Continuous casting mold arrangement for casting billets and blooms

Abstract

There is disclosed a continuous casting mold for casting billets and blooms including a stirring means to produce a rotating electromagnetic field or force. It is sought to use a continuous casting mold of this type facultatively with free-stream casting or with immerged-tube casting. The continuous casting mold includes at least one stirring means which is displaceable over the height of the continuous casting mold and is fixable in different height positions.

Description

The invention relates to a continuous casting mold for billets and blooms, in particular a continuous casting mold for steel casting, comprising a stirring means to produce a rotating electromagnetic field of force.

It is known (AT-B--359,225, U.S. Pat. Nos. 4,026,346, 2,944,309) to influence the solidification of continuously cast high-melting metals, such as steel, by applying rotating electromagnetic fields of force, thus attaining metallurgical and technological advantages, in particular a more uniform and fine texture of the cast strand, a uniform distribution of non-metallic inclusions, an improved heat elimination, etc. According to the prior art, the application of the rotary field is effected in the region of the mold or slightly below the same.

Depending on the melt quality, the casting of strands having billet or bloom cross sections takes place either according to the free-stream casting technique, in which a casting stream emerging freely from a tundish positioned above the continuous casting mold flows into the continuous casting mold and penetrates into the melt present within the mold cavity, or according to the immerged-tube casting technique, in which a casting tube arranged at the tundish is immerged in the melt present within the mold cavity such that the casting stream gets into the melt in the mold cavity by avoiding air contact. The casting level is covered by casting powder.

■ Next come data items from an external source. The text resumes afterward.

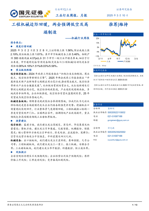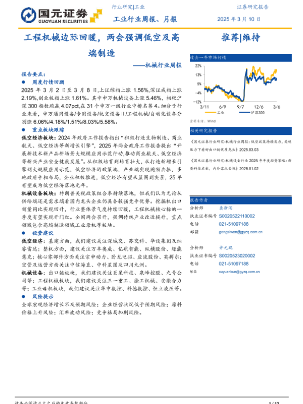 【国元证券】【20250310】机械行业周报:工程机械边际回暖,两会强调低空及高端制造-13页
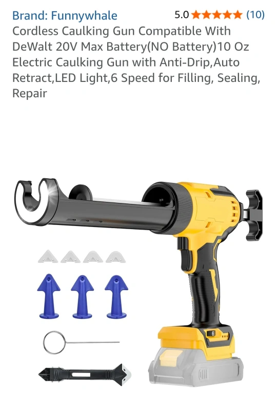 Selling a Funnywhale cordless caulking gun, compatible with DeWalt 20V Max batteries (battery not included). This electric caulking gun features anti-drip, auto-retract, an LED light, and 6 speeds for filling, sealing, and repair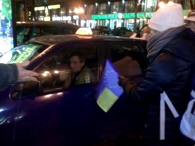 17.37. Активисты Евромайдана раздают проезжающим мимо автомобилистам флаги Украины и ЕС.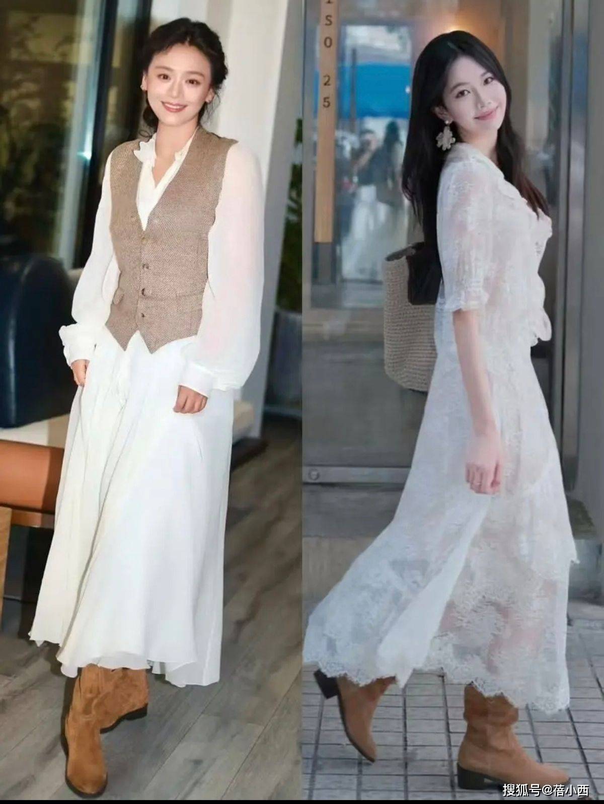 颜色搭配是穿搭的灵魂,“裙子+靴子”的组合,配色越简洁,越显高级,比如这种白色薄纱连衣裙,搭配卡其色长筒靴,可以减少搭配花哨感,浅色系的搭配也能凸显温柔的气质,让你在冬季赚足回头率,再也不怕变成路人甲了。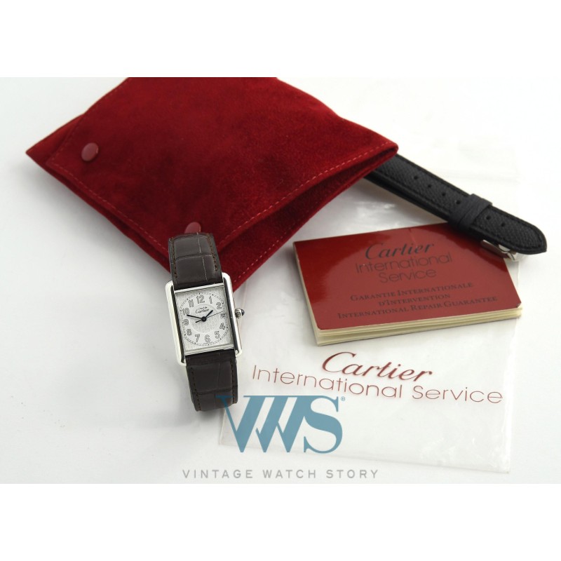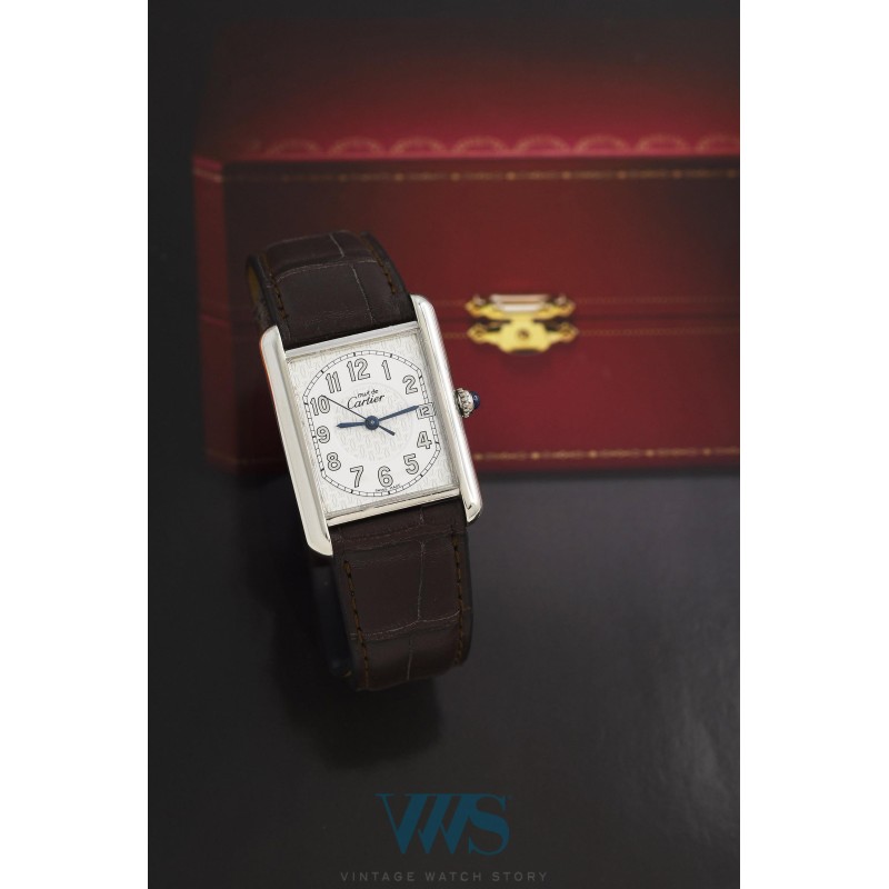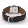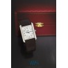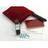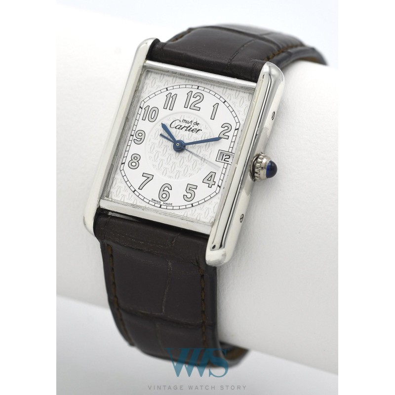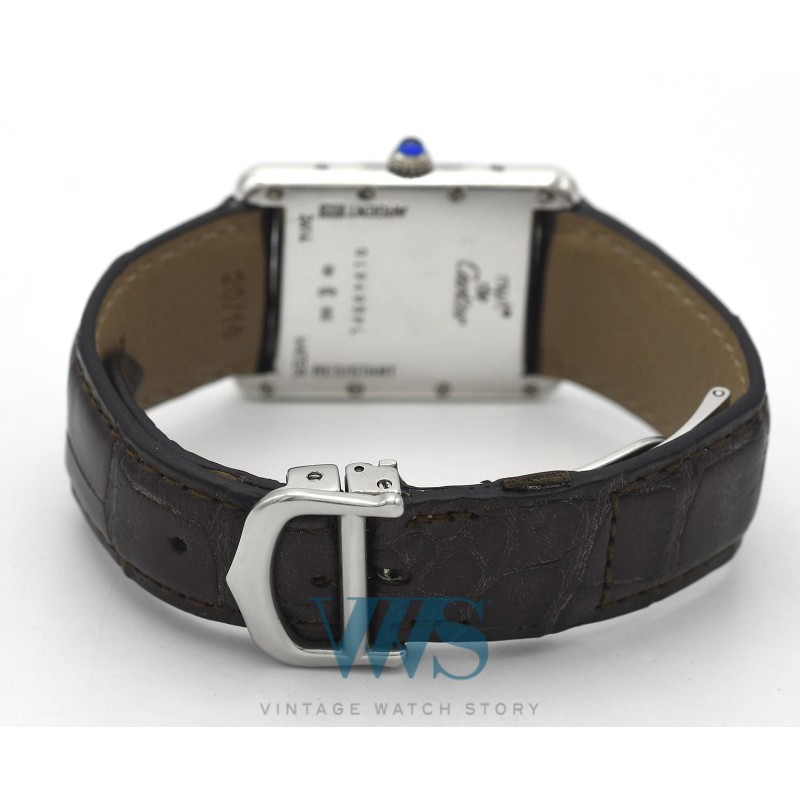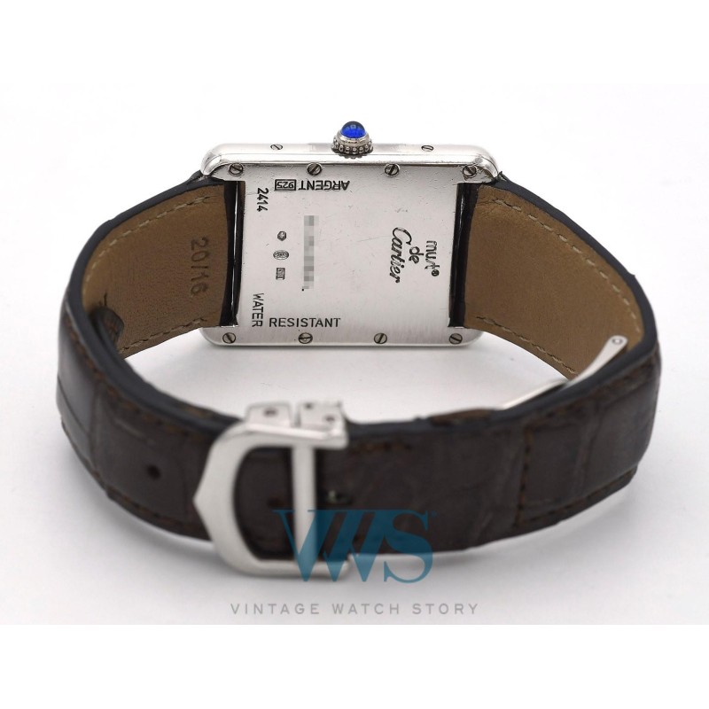 Boitier rectangulaire en argent (925 millièmes) à fond lisse et vissé sur la bande de carrure (poinçonné, signé et numéroté). Cadran argenté avec chemin de fer et monogramme Cartier, chiffres arabes gris, grande trotteuse seconde et aiguilles glaive en acier bleui. Guichet de date à 3h et remontoir cabochon en saphir.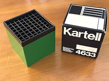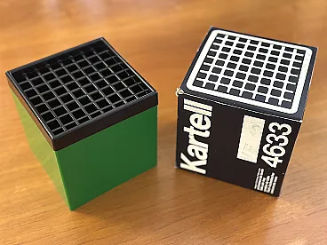 A rare and iconic piece of industrial design, this model 4633 ashtray, produced by Kartell in the 1970s, perfectly embodies the Space Age aesthetic of the era. Designed by renowned Italian designers Giorgio De Ferrari and Paolo Maccarrone, it is a highly prized collector's item. This ashtray stands out for its minimalist cubic shape and its intelligent functionality. The black grille lid is cleverly designed to effectively hide ash and butts, maintaining a clean and discreet appearance. The example for sale is in excellent condition, practically like new ("warehouse"), and is complete with its original box, as shown in the photo. A versatile object that can act both as an elegant ashtray and, given its structure, as an original pen holder or desk organizer. Measurements: Height 11 cm - Width 11 cm - Depth 11 cm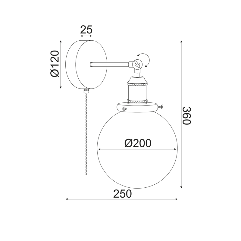 ΕΠΙΤΟΙΧΟ Φ/Σ 1ΧΕ27 ΜΑΥΡΟ ΜΕΤΑΛΛΟ+ΓΥΑΛΙ Φ20ΧΗ38CM TARO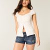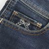 Comfy denim shortie shorts in a dark wash, featuring pretty floral embroidery and an embroidered bow detail at the right coin pocket. Low-rise waist, fading, whiskering. Imported.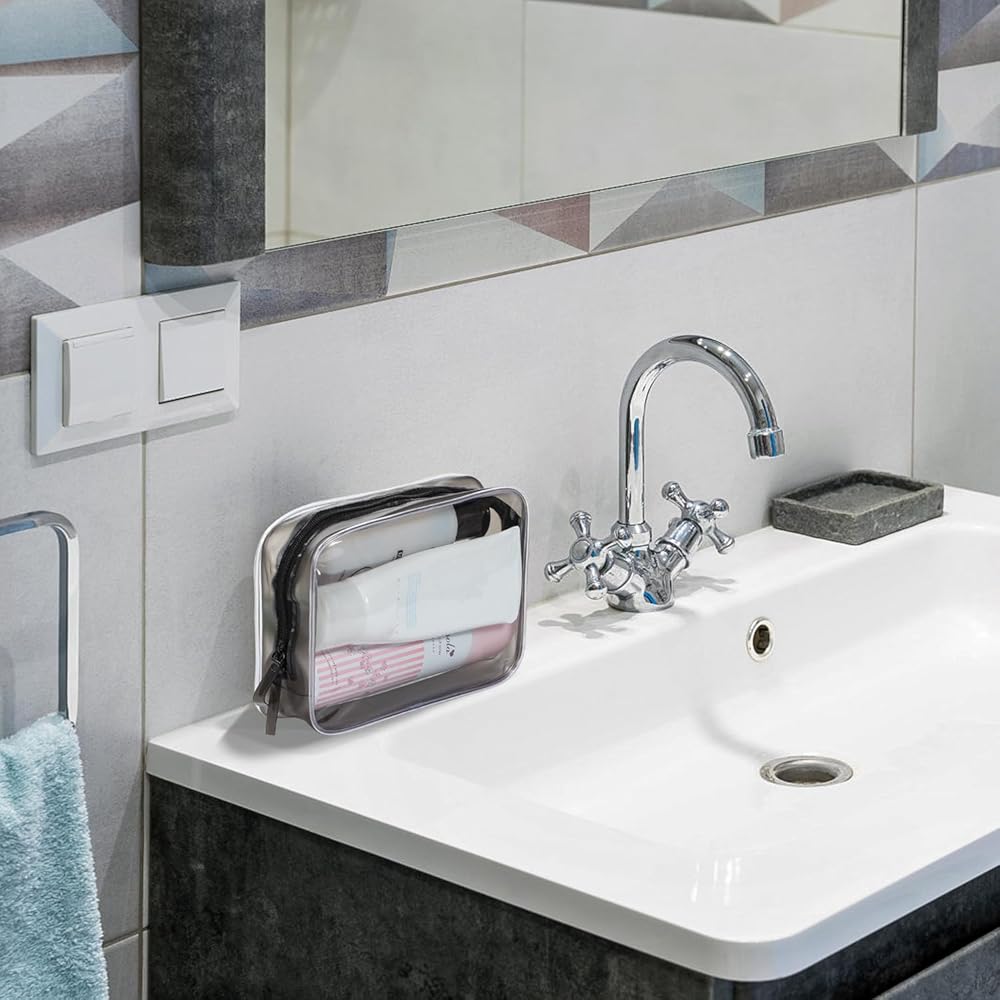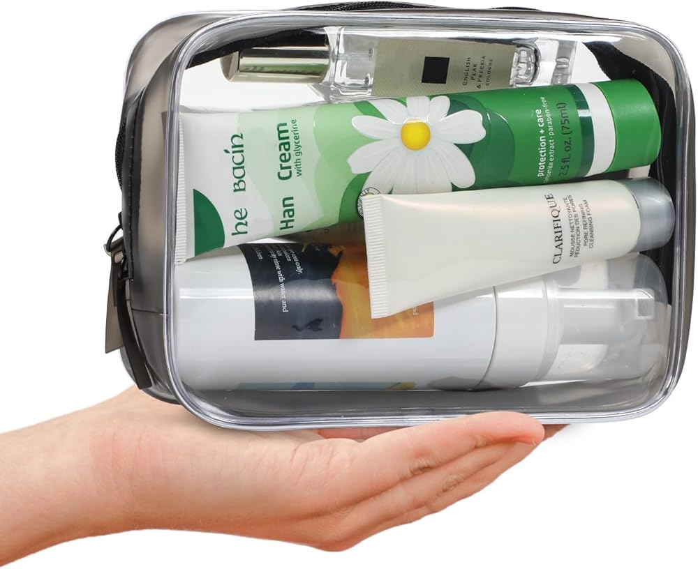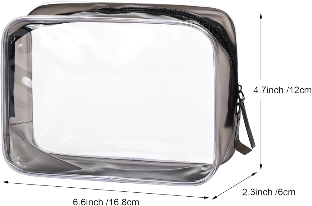 TSA Approved: Our Toiletry Bag Compliant with TSA rules, the travel makeup cosmetic bag size is: 6.6*2.3*4.7 inch/ 16.8*6*12 cm (Please note that it's a small bag). Our transparent travel bag lets you breeze through security without opening it up. It can be loaded with a complete set of skincare products, shampoo, facial cleanser, lipstick, makeup brush, shaver, medicine, etc

In the latter case, the melt is protected from reoxidation by the immerged tube and by the casting powder, wherein, however, care has to be taken when providing electromagnetic agitation that not too vigorous a movement of the melt occurs on the casting level, because in that case casting powder, which serves to lubricate the strand shell during sliding at the mold, will get into the interior of the strand, being included there.

In contrast, with free-stream casting, with which oil applied at the mold walls is used for lubrication instead of casting powder, it is sought to provoke a melt rotation as strong as possible (2 to 3 Hertz) on the casting level in order to let the gases carried away with the casting stream that penetrates the melt in the continuous casting mold more easily ascend towards the casting level, thereby inducing what is called a washout effect.

Known continuous casting molds comprising stirring means differ in terms of construction according to immerged-tube or free-stream casting, the configuration of the stirring means, in particular, being selected according to the casting process applied.

In steelworks, there is often the problem that a wide range of different steel grades is to be cast continuously, the immerged-tube casting process being preferred for some steel grades--primarily steel grades killed by aluminum--and the free-stream casting process being preferred for other steel grades--such as steels killed by silicon--, for metallurgical reasons. Since the exchange of continuous casting molds requires too much time when changing from the free-stream casting process to the immerged-tube casting process and vice versa, in particular when casting small quantities, some compromise with respect to structural configuration that is suited more or less to both casting processes has had to be made in order to be able to carry out both processes with one and the same continuous casting mold, yet no optimum results have been obtained for either casting process.

The invention aims at avoiding these difficulties and has as its object to provide a continuous casting mold of the initially defined kind, which may be used both for the immerged-tube casting process and for the free-stream casting process such that an optimum texture of the cast strand and as few inclusions as possible will be guaranteed with both casting processes.

In accordance with the invention this object is achieved in that the continuous casting mold for facultatively casting by the free-stream casting process or by the immerged-tube casting process comprises at least one stirring means, which is displaceable over the height of the continuous casting mold and is fixable in different height positions. The continuous casting mold according to the invention allows both free-stream casting and immerged-tube casting to be realized without having to carry out any conversion work. In order to achieve an optimum stirring effect with free-stream casting, the stirring means is moved into an upper position, whereby the melt constituting the casting level and the melt present immediately therebelow are stirred such that gases penetrated into the melt together with the casting stream will be effectively washed out. In contrast, with immerged-tube casting, the stirring means is moved into a position more remote from the casting level such that no stirring takes place on the casting level itself in order to avoid movement of the bath at the casting level, which, in this case, is covered by casting powder. Due to the fact that an optimumly positioned stirring means is always available to either of the two casting processes, it is possible to do with a lower stirring performance with both casting processes, i.e., to consume less energy, than with continuous casting molds that do not have such dispositions.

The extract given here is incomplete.